╔══

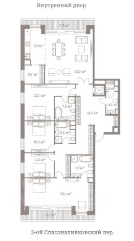 Из окон открывается вид на 2-й Спасоналивковский переулок и во двор. Пентхаус ориентирован на три стороны света. На втором уровне - эксплуатируемая кровля.
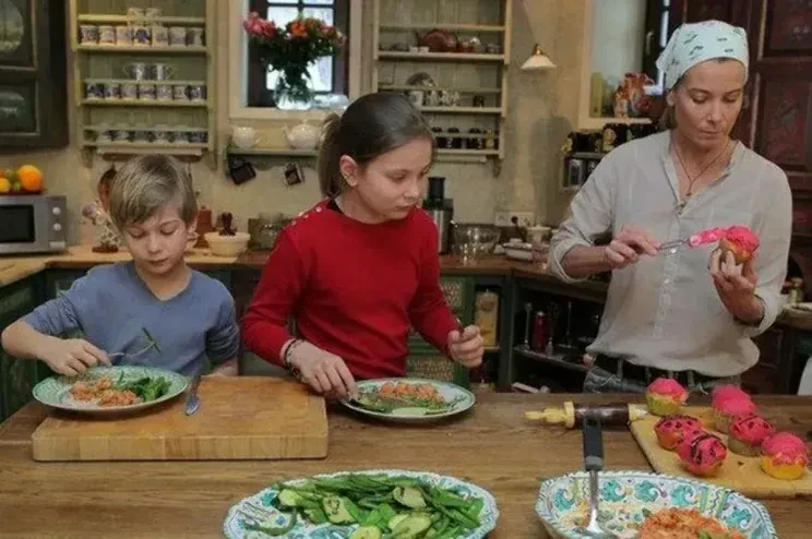 Юлия Высоцкая с сыном и дочерью на съёмках "Едим дома"
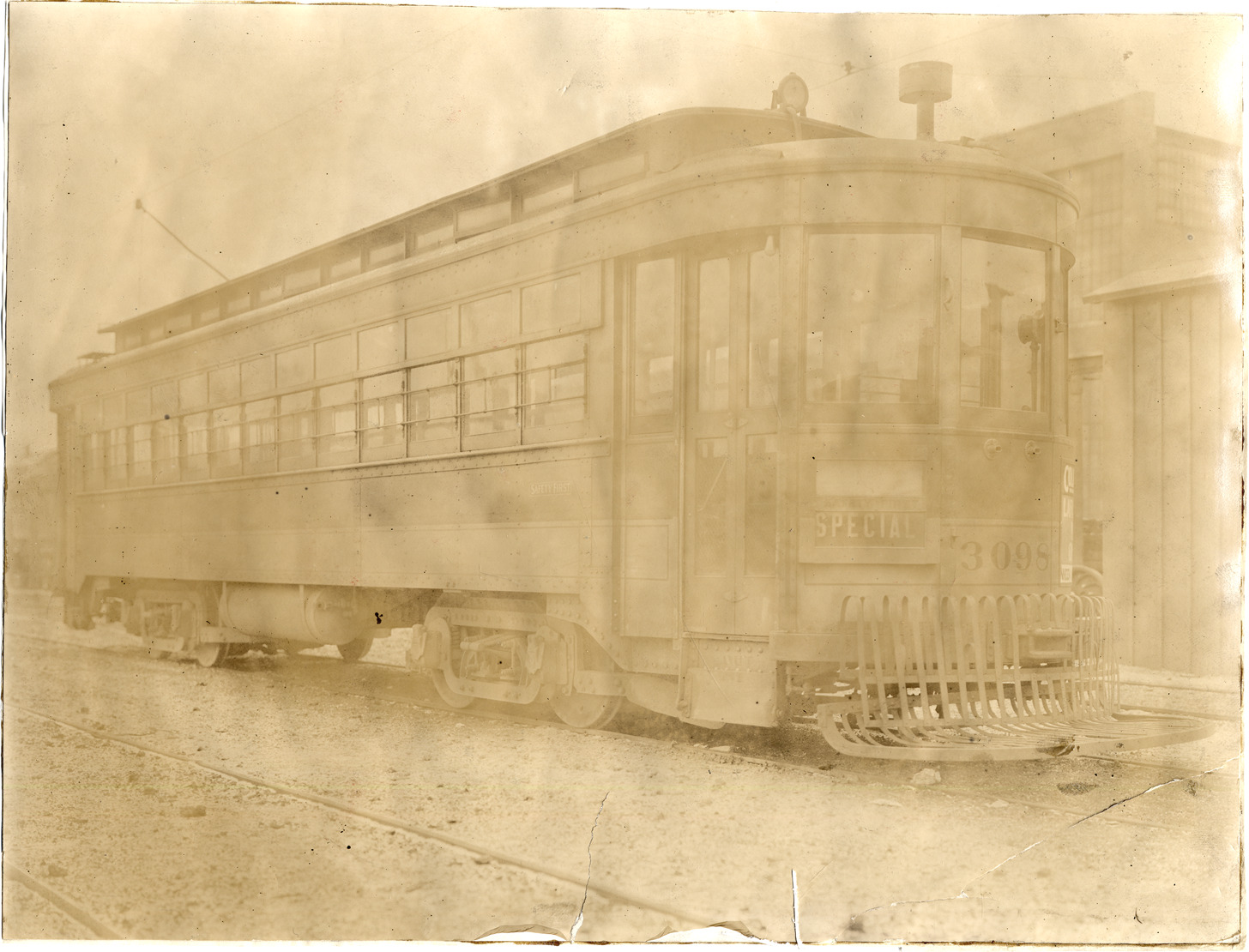 Detroit United Railway streetcar. Displayed in front: "Special, 3098."

╚══

▶ What is needed
Set down all the material exactly once more. No pictures.

▶ Exercise solution
 Из окон открывается вид на 2-й Спасоналивковский переулок и во двор. Пентхаус ориентирован на три стороны света. На втором уровне - эксплуатируемая кровля.
 Юлия Высоцкая с сыном и дочерью на съёмках "Едим дома"
 Detroit United Railway streetcar. Displayed in front: "Special, 3098."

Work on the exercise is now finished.